Health Department: EPA has signed off on Allegheny County wet weather plan |

Health Department: EPA has signed off on Allegheny County wet weather plan

Jamie Martines
The Allegheny County Sanitary Authority’s wastewater treatment plant along the Ohio River.

The federal Environmental Protection Agency has signed off on a long-awaited plan for managing storm water issues, Allegheny County Health Department officials announced Wednesday during a Board of Health meeting.

The details of the Allegheny County Sanitary Authority’s Wet Weather Plan, which has been in the works since a 2008 consent decree from the EPA mandated that the sewage plant bring storm water infrastructure into compliance, will be released on Sept. 19, said Jim Kelly, deputy director of environmental health.

A Sept. 19 press conference will be the first time details of the plan — which has previously been priced at over $2 billion — will be made available to the public. A 60-day public comment period and meetings with municipal officials will follow, Kelly said.

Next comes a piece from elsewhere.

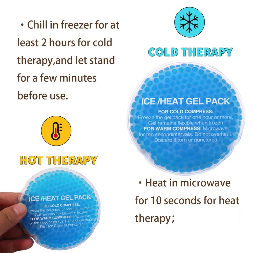 INNOVATIVE TECHNOLOGY, 8 DIFFERENT COLOR - A new type of gel composite beads that can absorb hot and cold temperature evenly, then slowly release stable soothing temperature over a period of time, not just gel, so it can provide heat and cold therapy, remedial, relief pain and treatment for your lower or upper back or shoulders etc. GREAT FOR INJURIES -This 4" round heat and cold pack is ideal for shoulders, upper or lower back, knees, elbows, cervical spine, head, eyes, feet, ACL or MCL tears, fever, plantar Fasciitis etc. Our reusable ice packs are also great for athletes to use for rehab or injury EASY TO USE - Just a simple operation to achieve the effect. Place cold packs in the freezer for 20-30 minutes, or microwave within 12 seconds to reach desired temperature. Our casualty ice packs stay flexible when the ice pack freezes. DURABLE AND REUSABLE: Sturdy airtight small ice packs for injuries are reusable and freeze quickly. The durable PVC surface and medical-grade plastic liner with wide sealing edges prevent leaks. Advanced polyester edge technology makes this a durable and leak-proof nylon bag. They are hand washable with soap and water. REUSABLE AND PORTABLE - With a diameter of 4 inches and a convenient size, it is a must-have first aid tool for home and clinical use when relieving pain and treating injuries with heat or cold therapy (in fact, it can be used for beauty or skin care, sports post-activity), breastfeeding, eye strain, child injuries, headaches, sinus relief. Even quick relief as a child's boo). It can also be easily applied and contoured to any part of the face and body.

“The municipalities that are affected by this, they are the ones that are going to have to incorporate these changes,” he said.

Alcosan serves much of Allegheny County. Joseph Vallarian, a spokesperson for Alcosan, declined to comment on details of the plan or the press conference.

“I can’t say anything,” Vallarian said Thursday. “The federal government has asked us to keep everything confidential.”

The consent decree issued by the EPA in 2008 required Alcosan to update infrastructure in order to prevent sewage and stormwater overflow into waterways.

An early draft of the plan, priced at $3.6 billion, was rejected by the EPA for being too costly. By 2015, progress on the plan continued to slow even as Alcosan raised rates to pay for the plan, which at the time was projected to cut 9 billion gallons of wastewater overflow to between 4 and 5 billion gallons by 2026.

Alcosan is funded primarily by ratepayers.

Alcosan was also previously working to renegotiate the plan to include more green infrastructure and flexibility to alter the plan as wastewater technology improves.